Get a Mortgage Loan for Your Condo, It’s So Easy!

Get a Mortgage Loan for Your Condo-Its So Easy- 150x150Maintaining a house can be very time consuming and expensive. The owner of a house is responsible for taking care of the whole property and its surroundings. Repairing and maintaining the various parts of a house require significantly more time and money than repairing and maintaining a condo. Condos are a great alternative for those who don’t wish to deal with the hassle of owning a house, but there are several aspects of buying a condo with a mortgage loan that are different from buying a house. The differences between buying a house and a condo with a mortgage loan are mostly related to the fees that you will have to pay and the qualification requirements.

Prices for condos have decreased back when the housing market crashed and are recovering slower than house prices, so this might be a perfect time to buy a condo. You will find cheaper condominiums, but unfortunately, lenders have tightened their lending requirements because the condo market is so weak. When buying a house, you’re the only one that has to be approved for a mortgage loan, but when buying a condo, the condominium association must be approved, too. If the association has financial problems, there is a big chance that your mortgage loan application will be denied.

What’s Different When Getting a Mortgage Loan for a Condo?

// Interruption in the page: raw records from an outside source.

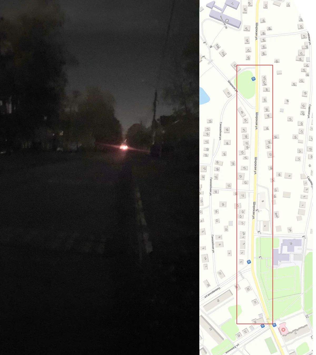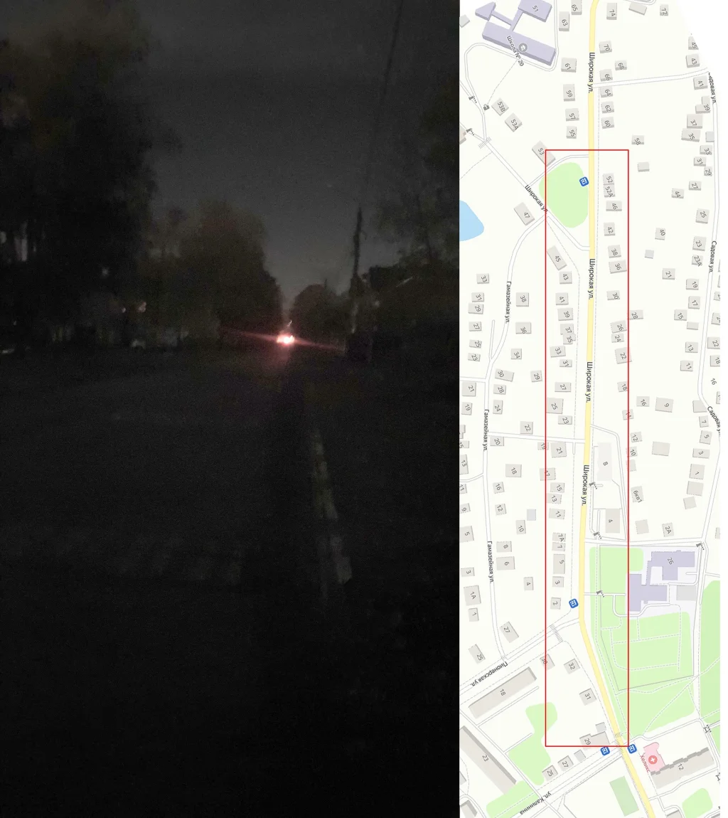 Местный житель 6 октября рассказал, что уже около двух недель не горят фонари на участке от Социалистической, 12 до Широкой, 48.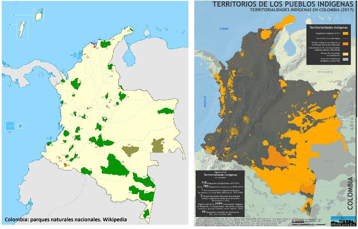 Imagen 43B: Parques Naturales Nacionales de Colombia (Wikipedia) y Territorios indígenas en Colombia al 2017 (geoactivismo.org).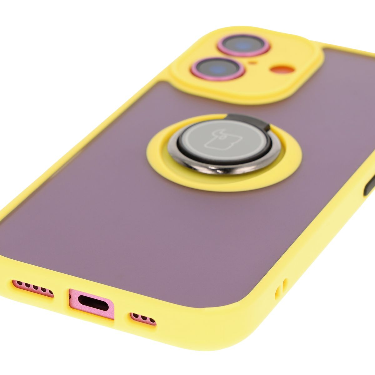 Etui z uchwytem na palec Bizon Case Hybrid Ring do iPhone 16, przydymione z żółtą ramką
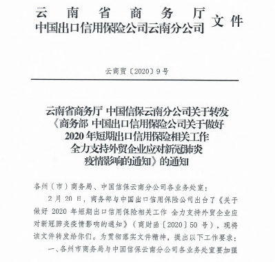 2月26日,云南省商务厅、中国信保云南分公司联合转发了《商务部 中国出口信用保险公司关于做好2020年短期出口信用保险相关工作 全力支持外贸企业应对新冠肺炎疫情影响的通知》(以下简称“通知”),为贯彻落实文件精神,提出了相关工作要求。《通知》要求,一是各州市商务局与中国信保云南分公司各业务处室要加强沟通协作,发挥“州市政府统保平台”作用,加大支持力度,进一步扩大出口信用保险覆盖面,充分利用出口信用保险扶持政策壮大对外贸易经营主体。二是及时深入了解中小微外贸企业面临的资金困难和融资需求,培育中小出口企业保单融资平台,发展“政府+信保+银行”合作机制作用,多渠道帮助企业解决融资难融资贵问题。三是指导企业充分运用“建信通”、“建信融”等我省特色优势保单融资产品,支持对外工程承包和机电产品、成套设备及资本性货物出口,带动外贸发展。四是指导帮助企业利用进口预付款保险,扩大医用物资进口,保障各地疫情防控和复工复产需要。

Condominium prices may be lower than house prices, but the process of buying a condo with a mortgage is a bit different than buying a house with a mortgage. There are several aspects that you should keep in mind before getting a mortgage loan for your condo:

  • The association fees. When owning a condo, you are responsible for repairing and maintaining your unit, but keep in mind that the condo is part of a larger building that needs regular maintenance and repairs from time to time. The money needed for these repairs and maintenance work is raised by the condominium association. All condo owners will have to pay a monthly fee that goes into a fund to pay for maintenance, upkeep, repairs and other expenses. When finding out your debt-to-income ratio, your lender will also include the association fees in your monthly mortgage payment. Keep in mind that, over time, these association fees can increase, depending on how many repairs need to be done and on the cost of the materials.
  • Who backs the mortgage loan. Before buying a condo, make sure that it is approved for Fannie Mae, Freddie Mac and Federal Housing Administration (FHA) mortgages. If the property is not approved, you might have to pay a much larger interest rate and down payment. The FHA allows you to buy a condo with a much smaller down payment than on a conventional mortgage loan, but the Federal Housing Administration also requires that less than 10 percent of the condos have the same owner if the building is newly built. Mortgages backed by Fannie Mae and Freddie Mac require a higher down payment than the FHA and charge extra if your down payment is less than 25 percent.
  • Buying a non-warrantable condo. Condominiums that don’t qualify for Fannie Mae, Freddie Mac or Federal Housing Administration financing are called non-warrantable. Not being backed by the government makes these condos more expensive, with a higher interest rate and down payment, and much harder to find a mortgage lender willing to finance their purchase.

A condo is a good substitute for home buyers who find that owning a house involves too much work and cost. Condos are also cheaper than most single-family houses, but buying one using a mortgage loan is a little different than buying a house with one. However, a little research can go a long way and ensure that getting a mortgage loan for a condo can be a relatively easy process with no unpleasant surprises.